The story is kind of like Flowers For Algernon, although instead of his intelligence rising, peaking, and then falling again, Greco's intellect just keeps on skyrocketing (partly due the fact that he keeps stealing more of the drug and injecting himself with it).

But while Flowers was more interested in examining the emotional effects and social impact of intelligence manipulation, on the protagonist and those around him, "Understand" is more like a clinical speculative exercise in what it would be like to have an exponentially-increasing intelligence. Greco doesn't have close living relatives or friendships. His intellect soars so high so fast that he begins to view other humans like ants. He begins composing his own arcane poetry, devising engineering problems and solving them just as an exercise, and eventually inventing his own language because English is no longer expressive enough for him.

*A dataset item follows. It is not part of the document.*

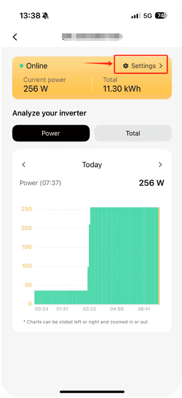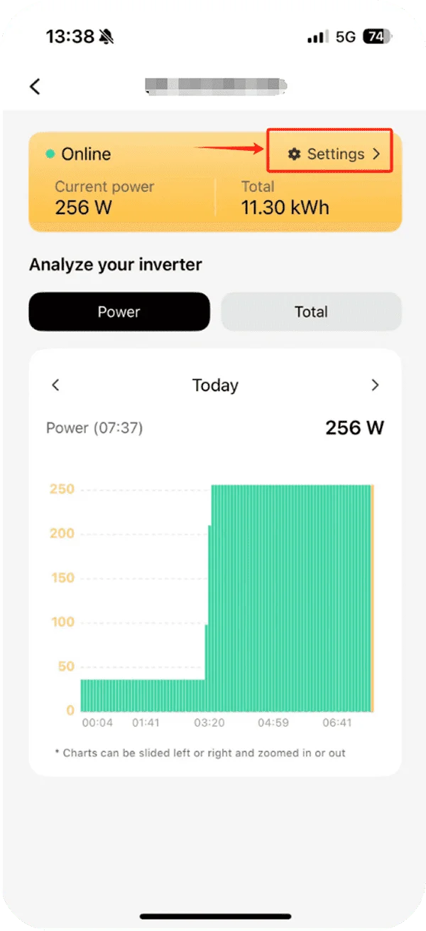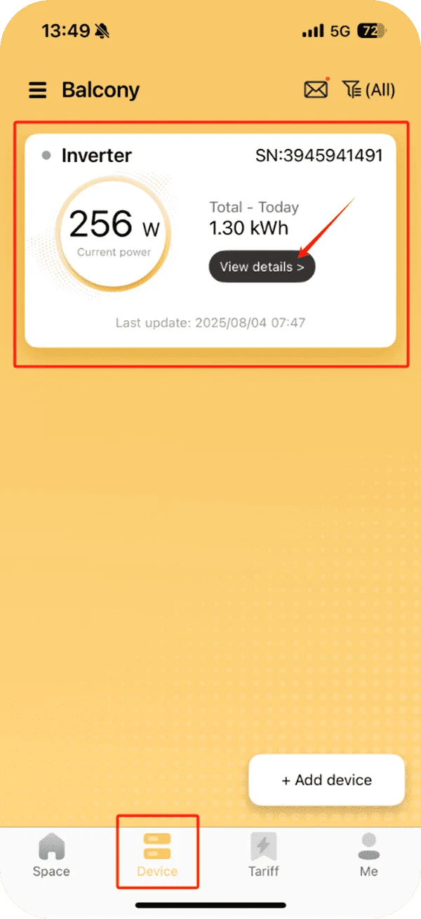 Open the SunEnergyXT App and go to the “Device” tab, then click the “View Details” button on your corresponding Deye inverter.

He also gains increasing mastery over his motor control, his heartbeat, breathing, and reflexes. And eventually he learns how to control other people's nervous systems at a distance, so that he becomes a kind of psychic warrior.

I read it straight through, and really wanted to see what happened next, but in the end I didn't really think it was one of Chiang's stronger stories. The Story of Your Life, for example, was much better, because it engaged emotionally. It was more of a story and less just a conceit. Still, just about anything Chiang writes is worth reading, so if you haven't checked out his stuff, you should.